== Record extracts

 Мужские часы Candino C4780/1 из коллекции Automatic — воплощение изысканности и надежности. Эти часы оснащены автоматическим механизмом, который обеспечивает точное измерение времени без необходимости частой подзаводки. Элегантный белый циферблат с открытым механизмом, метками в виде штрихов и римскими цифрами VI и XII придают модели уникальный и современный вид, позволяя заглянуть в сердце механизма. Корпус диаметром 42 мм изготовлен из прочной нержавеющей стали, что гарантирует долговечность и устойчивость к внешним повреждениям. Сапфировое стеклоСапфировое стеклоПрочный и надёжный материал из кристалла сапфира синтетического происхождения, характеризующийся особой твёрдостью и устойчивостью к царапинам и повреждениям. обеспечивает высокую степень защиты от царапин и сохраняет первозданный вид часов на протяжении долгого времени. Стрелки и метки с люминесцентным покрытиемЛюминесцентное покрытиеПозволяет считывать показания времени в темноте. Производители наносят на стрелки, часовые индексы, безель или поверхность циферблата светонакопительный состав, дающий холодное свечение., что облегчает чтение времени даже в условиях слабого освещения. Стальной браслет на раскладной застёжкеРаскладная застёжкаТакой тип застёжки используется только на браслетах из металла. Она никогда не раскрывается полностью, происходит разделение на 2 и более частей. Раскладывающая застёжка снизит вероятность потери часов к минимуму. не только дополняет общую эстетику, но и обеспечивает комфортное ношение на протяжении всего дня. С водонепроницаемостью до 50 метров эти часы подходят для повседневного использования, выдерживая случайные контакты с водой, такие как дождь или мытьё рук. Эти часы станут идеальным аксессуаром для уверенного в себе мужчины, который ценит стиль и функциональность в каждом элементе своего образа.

====
== Record extracts

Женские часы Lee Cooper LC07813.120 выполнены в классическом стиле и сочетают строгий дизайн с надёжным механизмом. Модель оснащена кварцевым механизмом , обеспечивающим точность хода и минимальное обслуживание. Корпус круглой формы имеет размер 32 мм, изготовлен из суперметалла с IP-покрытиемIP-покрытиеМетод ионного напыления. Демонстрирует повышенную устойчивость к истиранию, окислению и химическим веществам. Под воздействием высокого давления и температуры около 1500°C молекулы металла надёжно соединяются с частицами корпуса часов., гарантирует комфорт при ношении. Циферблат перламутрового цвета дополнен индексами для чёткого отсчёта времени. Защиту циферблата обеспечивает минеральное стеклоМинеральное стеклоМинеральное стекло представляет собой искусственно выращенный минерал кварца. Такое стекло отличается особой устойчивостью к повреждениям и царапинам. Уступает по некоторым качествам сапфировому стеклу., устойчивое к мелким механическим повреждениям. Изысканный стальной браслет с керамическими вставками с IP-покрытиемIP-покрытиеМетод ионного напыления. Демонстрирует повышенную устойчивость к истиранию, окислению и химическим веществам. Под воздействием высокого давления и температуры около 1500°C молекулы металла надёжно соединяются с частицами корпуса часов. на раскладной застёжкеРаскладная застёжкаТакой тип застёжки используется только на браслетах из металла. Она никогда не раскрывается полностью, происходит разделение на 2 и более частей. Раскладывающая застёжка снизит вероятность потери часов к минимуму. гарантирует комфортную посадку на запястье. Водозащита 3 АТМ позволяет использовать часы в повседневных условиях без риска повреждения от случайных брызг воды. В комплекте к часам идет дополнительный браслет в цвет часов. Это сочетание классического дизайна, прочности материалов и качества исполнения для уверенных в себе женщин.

====
== Record extracts

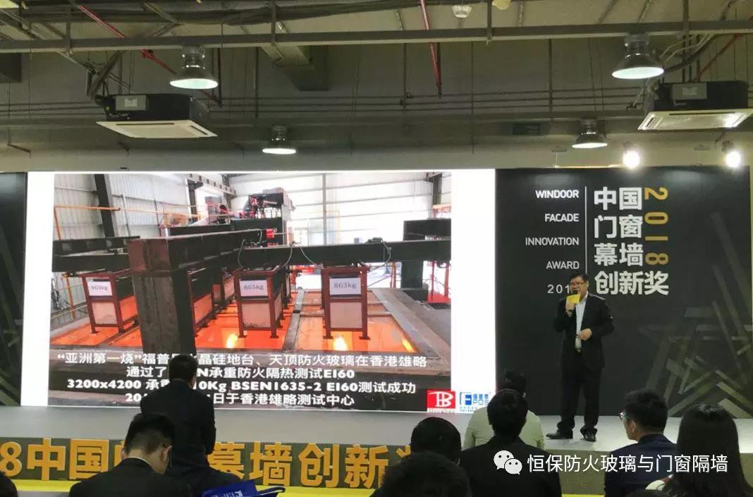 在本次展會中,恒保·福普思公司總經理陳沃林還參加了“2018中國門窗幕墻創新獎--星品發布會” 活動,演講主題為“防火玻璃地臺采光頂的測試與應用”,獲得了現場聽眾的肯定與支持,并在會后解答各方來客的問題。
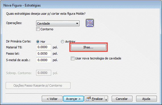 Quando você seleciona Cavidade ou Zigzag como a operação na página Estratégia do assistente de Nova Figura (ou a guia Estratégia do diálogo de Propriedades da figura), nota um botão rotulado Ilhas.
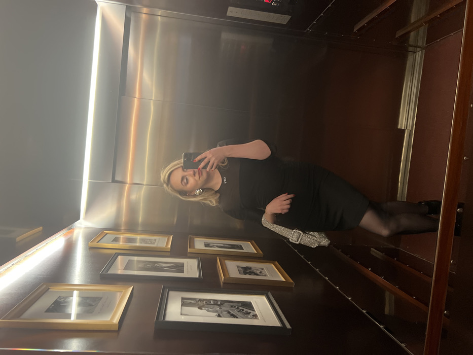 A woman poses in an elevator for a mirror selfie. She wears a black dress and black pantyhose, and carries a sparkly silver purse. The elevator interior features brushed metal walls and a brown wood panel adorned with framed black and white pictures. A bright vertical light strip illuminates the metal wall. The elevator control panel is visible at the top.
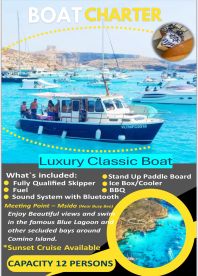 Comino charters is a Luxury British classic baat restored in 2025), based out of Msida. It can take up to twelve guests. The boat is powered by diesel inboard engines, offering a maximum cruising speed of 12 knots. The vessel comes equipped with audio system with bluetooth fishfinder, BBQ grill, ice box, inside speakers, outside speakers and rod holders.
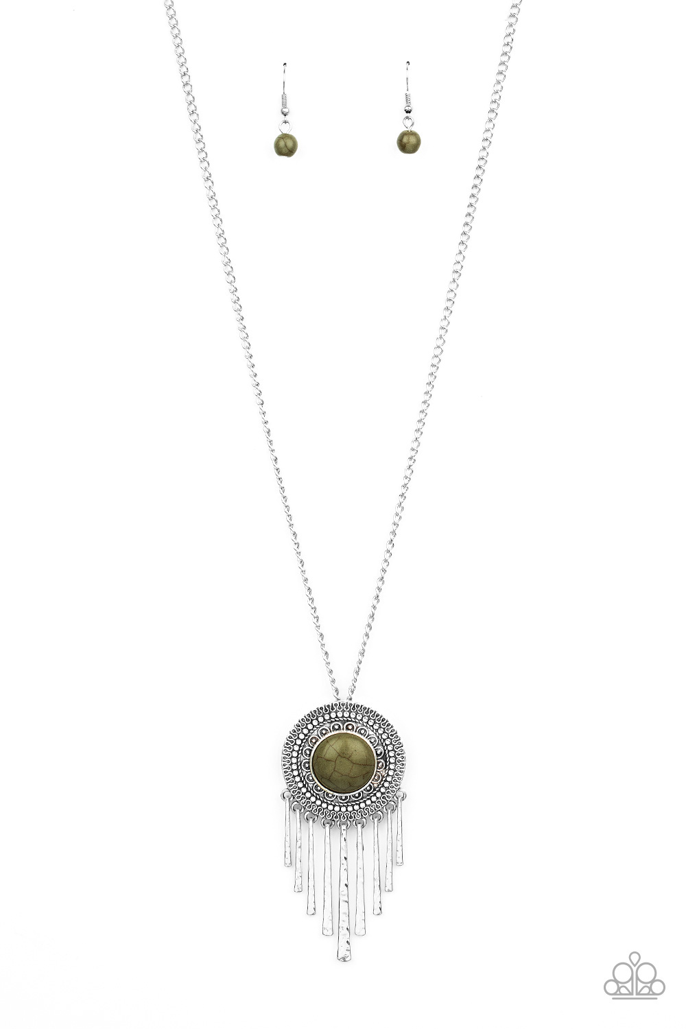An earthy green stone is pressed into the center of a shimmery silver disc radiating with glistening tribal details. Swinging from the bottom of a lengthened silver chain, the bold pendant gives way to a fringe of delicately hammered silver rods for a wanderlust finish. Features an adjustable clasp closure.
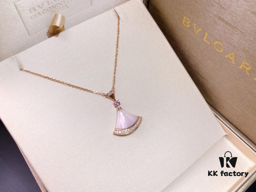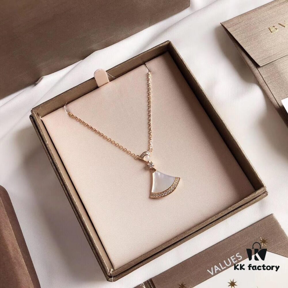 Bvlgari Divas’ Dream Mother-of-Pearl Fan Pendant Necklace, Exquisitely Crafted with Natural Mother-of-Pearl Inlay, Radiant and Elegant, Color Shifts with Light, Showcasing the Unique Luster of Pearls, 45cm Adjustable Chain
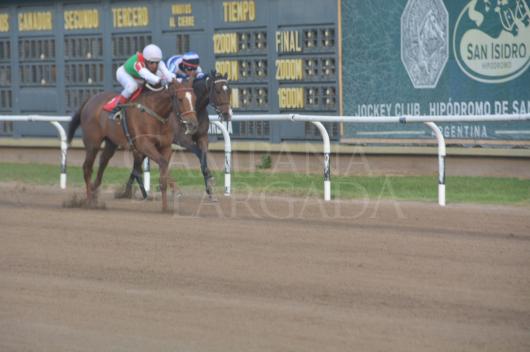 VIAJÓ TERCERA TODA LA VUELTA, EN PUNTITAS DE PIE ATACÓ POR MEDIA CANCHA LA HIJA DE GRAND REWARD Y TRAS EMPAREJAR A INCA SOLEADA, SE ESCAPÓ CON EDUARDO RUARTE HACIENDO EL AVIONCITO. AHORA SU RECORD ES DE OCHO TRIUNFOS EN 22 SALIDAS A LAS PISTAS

====

What the exercise asks -
Looking above, find the stretch of lines that opens with the one holding "An earthy green" and closes with the one holding "VIAJÓ TERCERA TODA". Copy it exactly, pictures excluded.

Response to this task -
An earthy green stone is pressed into the center of a shimmery silver disc radiating with glistening tribal details. Swinging from the bottom of a lengthened silver chain, the bold pendant gives way to a fringe of delicately hammered silver rods for a wanderlust finish. Features an adjustable clasp closure.
 Bvlgari Divas’ Dream Mother-of-Pearl Fan Pendant Necklace, Exquisitely Crafted with Natural Mother-of-Pearl Inlay, Radiant and Elegant, Color Shifts with Light, Showcasing the Unique Luster of Pearls, 45cm Adjustable Chain
 VIAJÓ TERCERA TODA LA VUELTA, EN PUNTITAS DE PIE ATACÓ POR MEDIA CANCHA LA HIJA DE GRAND REWARD Y TRAS EMPAREJAR A INCA SOLEADA, SE ESCAPÓ CON EDUARDO RUARTE HACIENDO EL AVIONCITO. AHORA SU RECORD ES DE OCHO TRIUNFOS EN 22 SALIDAS A LAS PISTAS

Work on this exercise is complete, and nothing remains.